Quando os pesquisadores testaram isso nos 55 volumes do Treatise, o sistema produziu um banco de dados com 32.277 entidades de fósseis e 451.878 atributos. A equipe de especialistas humanos que revisou o trabalho descobriu que a IA foi notavelmente precisa, com uma pontuação média de cerca de 0,90 para encontrar os fósseis corretos e 0,91 para acertar os detalhes. Este é um salto enorme em eficiência; enquanto uma equipe de quatro humanos levou 45 dias para processar manualmente apenas um volume, o HERMES ajudou a equipe a terminar toda a série em um total de 53 dias-pessoa. Os autores observam que, sem essa ajuda automatizada, eles provavelmente nunca teriam tentado organizar toda a série.
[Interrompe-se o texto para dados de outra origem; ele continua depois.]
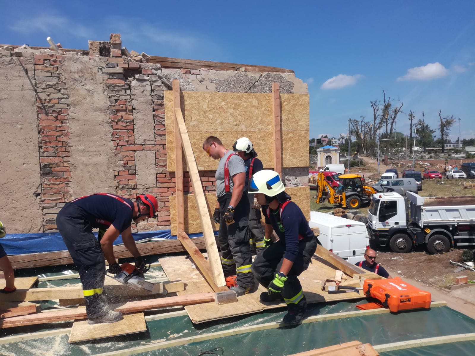 Ve vybrané řadě rodinných domů hasiči hlavně stabilizují, vyrábí výztuhy poškozených zdí a opravují střechy. Pro odklízení a odvoz suti, materiálu a jiného odpadu na určené deponie používají těžkou techniku. Vyprošťovací automobil byl dnes mimo jiné nasazen pro usnadnění práce při kácení tornádem poškozených stromů.
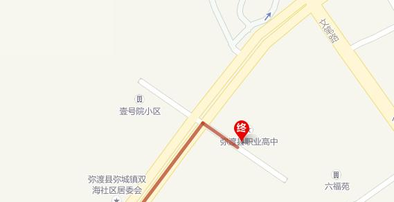 大理汽车客运站东站——从起点出发,在大理市城区道行驶4.8公里,稍向左转走匝道,进入杭瑞高速/G56/AH14/楚大高速——行驶26.9公里,从弥渡/象濞出口离开——行驶5.5公里,调头——行驶5.0公里,左转进入果河公路——行驶15.3公里,左转——行驶1.2公里——弥渡县职业高级中学

O artigo também sugere que este método é flexível. Quando testaram o HERMES em livros sobre paleomagnetismo (o estudo da história magnética da Terra) e geoquímica (a química das rochas), ele não precisou ser treinado do zero. Eles apenas mudaram as regras que o "Validador" usava para verificar o trabalho, e o sistema lidou bem com os novos tipos de dados. No entanto, os autores fazem questão de apontar que o sistema não é perfeito. Às vezes, ele perde detalhes se o texto estiver dividido entre as páginas de uma forma confusa, ou se o livro original foi escaneado a partir de uma fotocópia borrada, fazendo com que o computador leia uma letra incorretamente (como transformar "Beraunia" em "Bcraunia"). Eles também enfatizam que, embora a IA faça o trabalho pesado, especialistas humanos ainda são necessários para verificar os resultados finais, especialmente para as partes mais complexas dos livros. O artigo conclui que essa abordagem multiagente oferece uma maneira prática de transformar arquivos científicos antigos e desorganizados em dados limpos e utilizáveis, mas funciona melhor quando humanos e máquinas trabalham juntos, com a IA realizando a maior parte da extração e os humanos fazendo a verificação final de qualidade.